The Rivers representative said until palm oil farmers begin to consider such hybrid oil palm seedlings, they may not meet up with the daily increasing demand of palm oil in the market.
According to him, the seedlings produce up to 30 bunches at once that ripen same time.
He said PIND decided to partner with Oil Palm Growers Association of Nigeria (OPGAN) to ensure that the message was received by the targeted audience.
According to him, palm oil remained a popular choice of industry operators as it could be converted to many other products such as vegetable cooking oil.

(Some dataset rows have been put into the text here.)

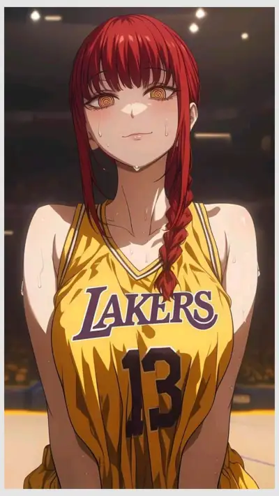an anime character with red hair wearing a lakers jersey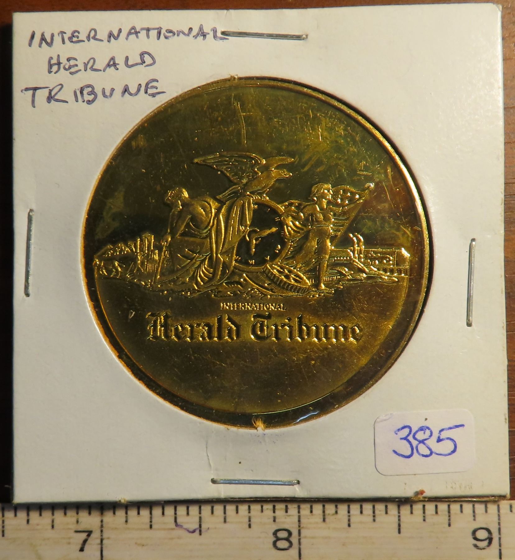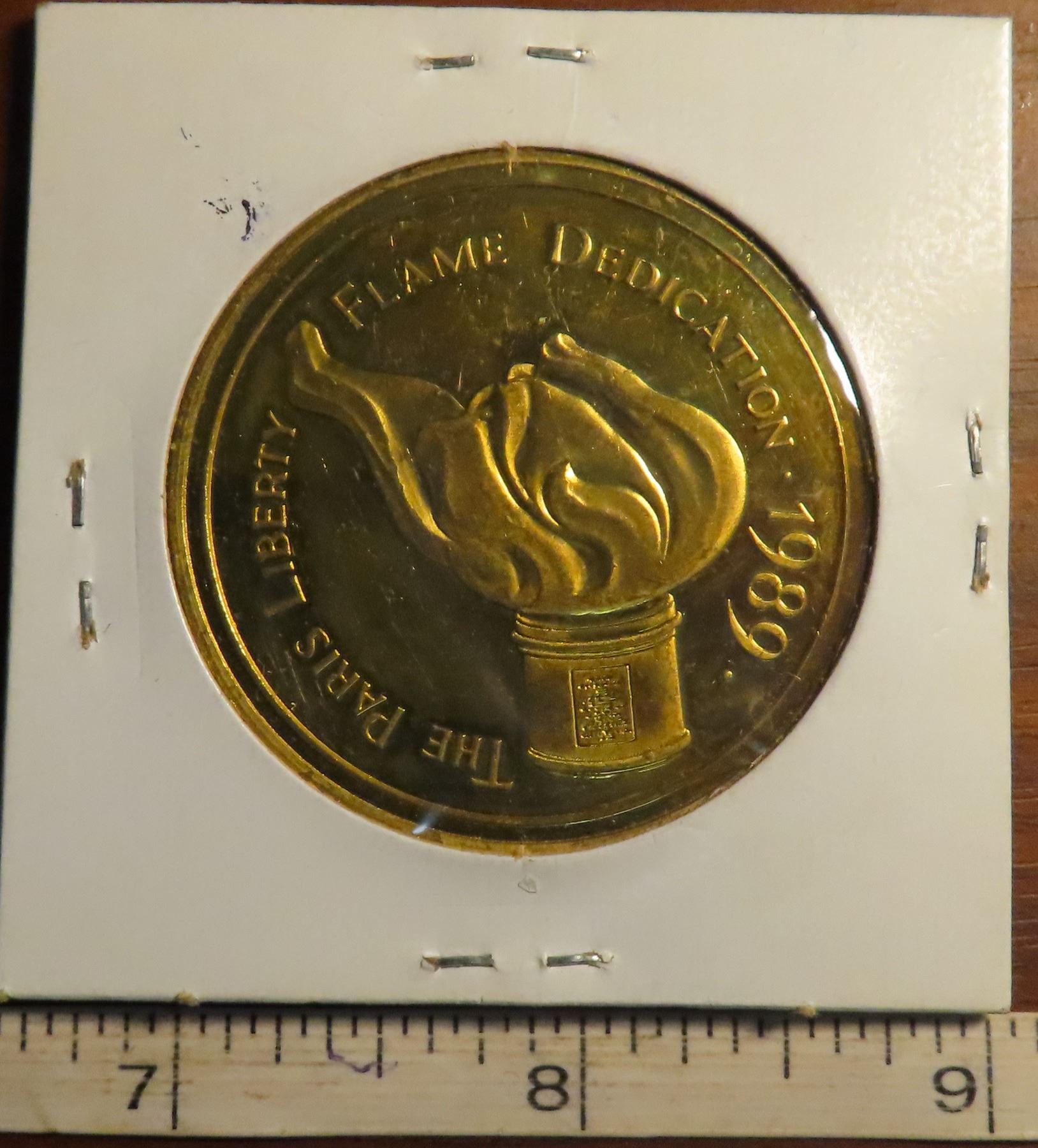 International Herald Tribune medal with The Paris Liberty Flame Dedication 1989 reverse. BU.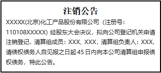 注銷公告:XXXXX(北京)化工產(chǎn)品股份有限公司(注冊(cè)號(hào):110108XXXXX)經(jīng)股東大會(huì)決議,擬向公司登記機(jī)關(guān)申請(qǐng)注銷登記,清算組成員:XXX、XXX,清算組負(fù)責(zé)人:XXX,請(qǐng)債權(quán)債務(wù)人自見報(bào)之日起45日內(nèi)向本公司清算組申報(bào)債權(quán)債務(wù),特此公告。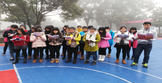 数九寒冬,冷风习习。15旅管(1)班的同学应班委号召,自觉地在校篮球场附近晨读。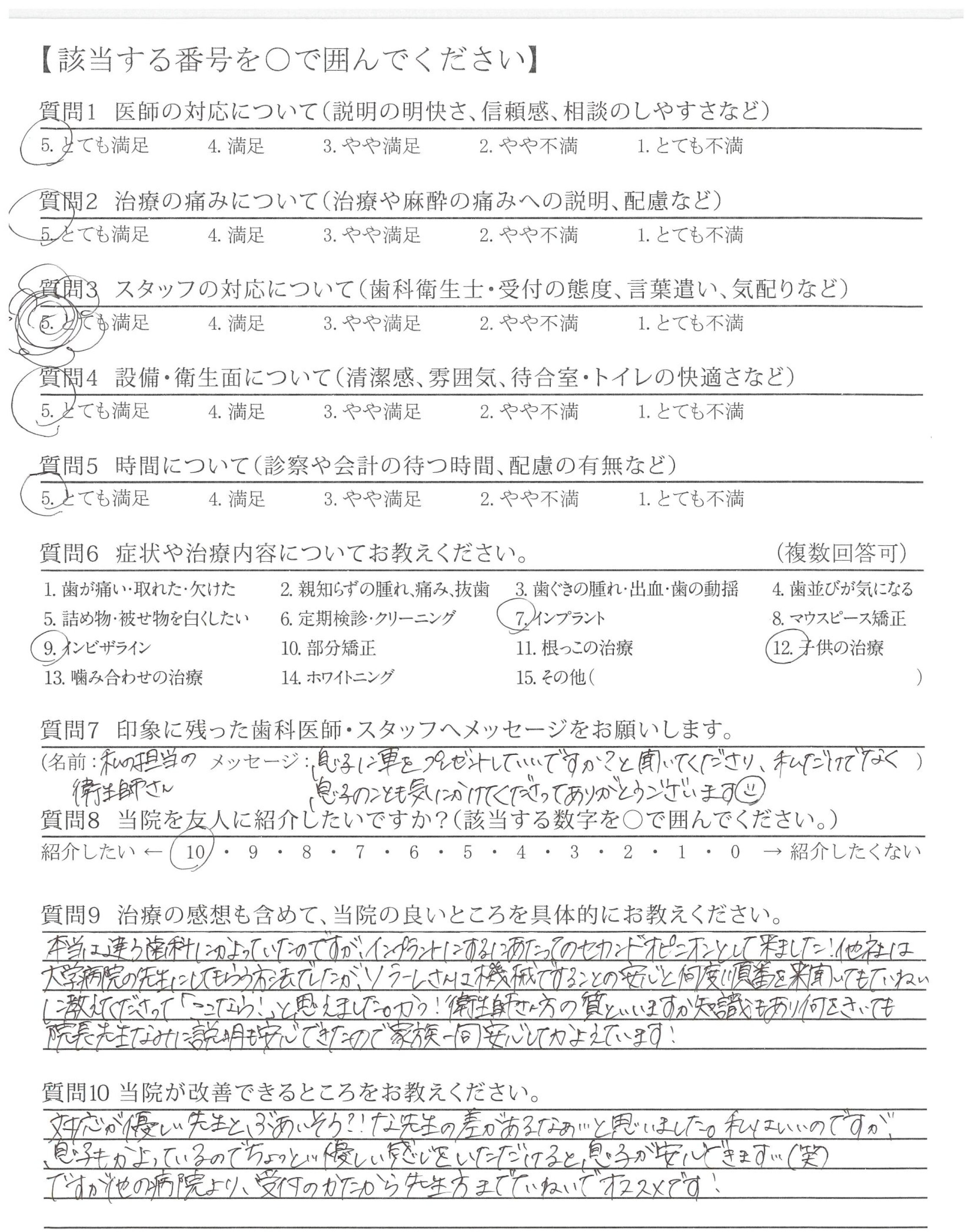 本当は違う歯科にかよっていたのですが、インプラントにするにあたってのセカンドオピニオンとして来ました!他社は大学病院の先生にしてもらう方法でしたが、ソラーレさんは機械ですることの安心と何度順番を聞いてもていねいに教えてくださって「ここなら!」と思えました。かつ!衛生師さん方の質といいますか知識もあり何をきいても院長先生なみに説明も安心できたので家族一同安心してかよています!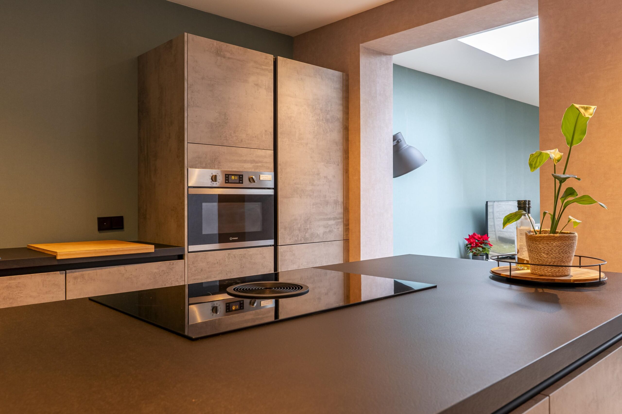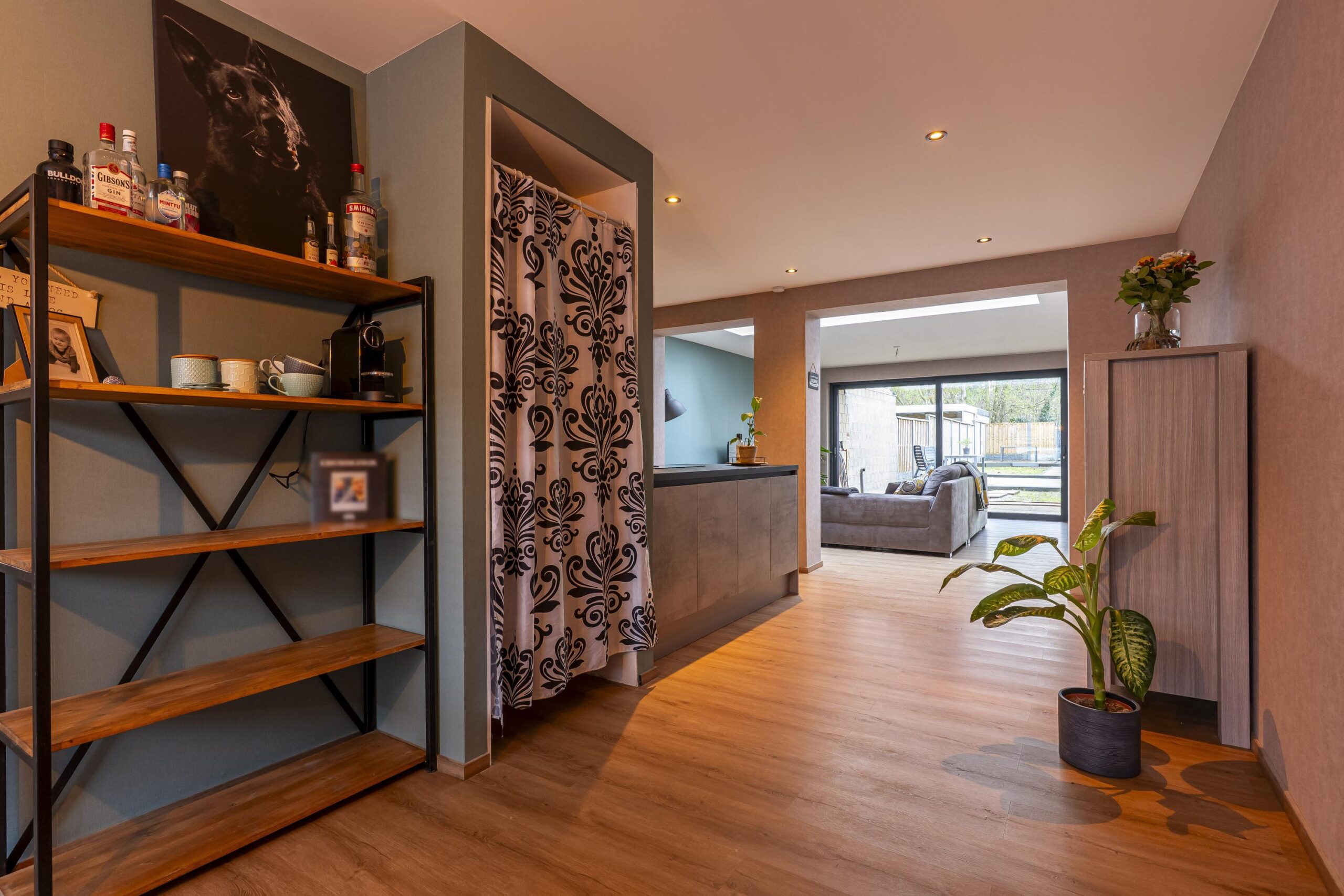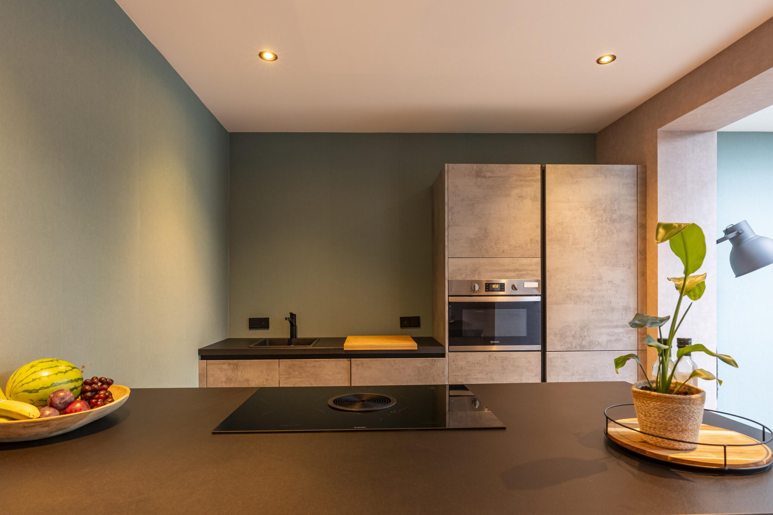 Aangrenzend bevindt zich de nieuwe, moderne keuken (geplaatst in 2025), uitgevoerd met een schiereiland, veel bergruimte en hoogwaardige apparatuur, waaronder een Bora-inductiekookplaat met geïntegreerde afzuiging, koel-/vriescombinatie, vaatwasser, oven en spoelbak. De keuken is geheel voorzien van inbouwverlichting en een plintboiler.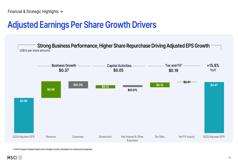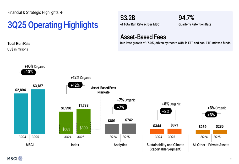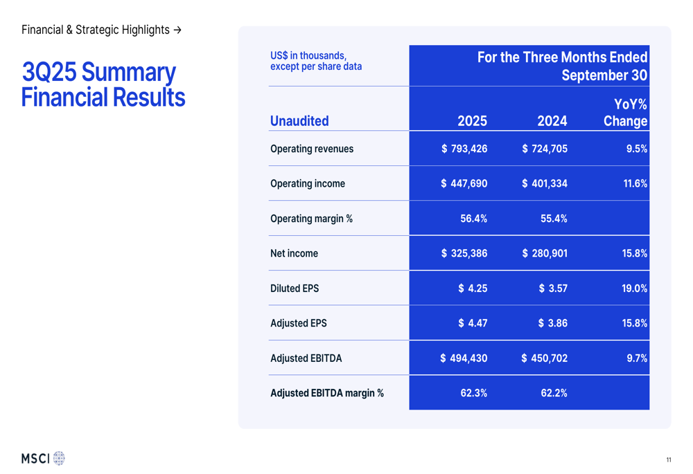 A MSCI reportou resultados financeiros impressionantes para o 3º tri de 2025, com receitas operacionais aumentando 10% em base reportada e 9% organicamente em relação ao ano anterior. A empresa alcançou crescimento significativo no lucro por ação ajustado, que subiu 16% para US$ 4,47, superando as expectativas dos analistas de US$ 4,37.

He also noted that products such as motor tyers, marine ropes and others are now gotten from the palm tree.
Chukwundah, who is the immediate past Director-General of Port Harcourt Chamber of Commerce, Mines, Industries, and Agriculture (PHCCIMA), further warned against use of unrecommended fertilisers in growing oil palms.
He noted that such practices could limit its export value or chances as the foreign marketers have a way of detecting such .
He reiterated the need for organic fertilizers, including poultry droppings, to enable them have a natural palm oil.
“People must reduce physical contact with palm oil production. That is why we are campaigning for hydrolic oil mills. The foreign markets are no longer interested in crude method of palm oil production”, he said.
Meanwhile, one of the farmers, Sonny Didia, who appreciated Chukwundah’s commitment towards the concern of farmers, appealed for an urgent need for loan opportunity with low interest rate in order to enable them beat the target.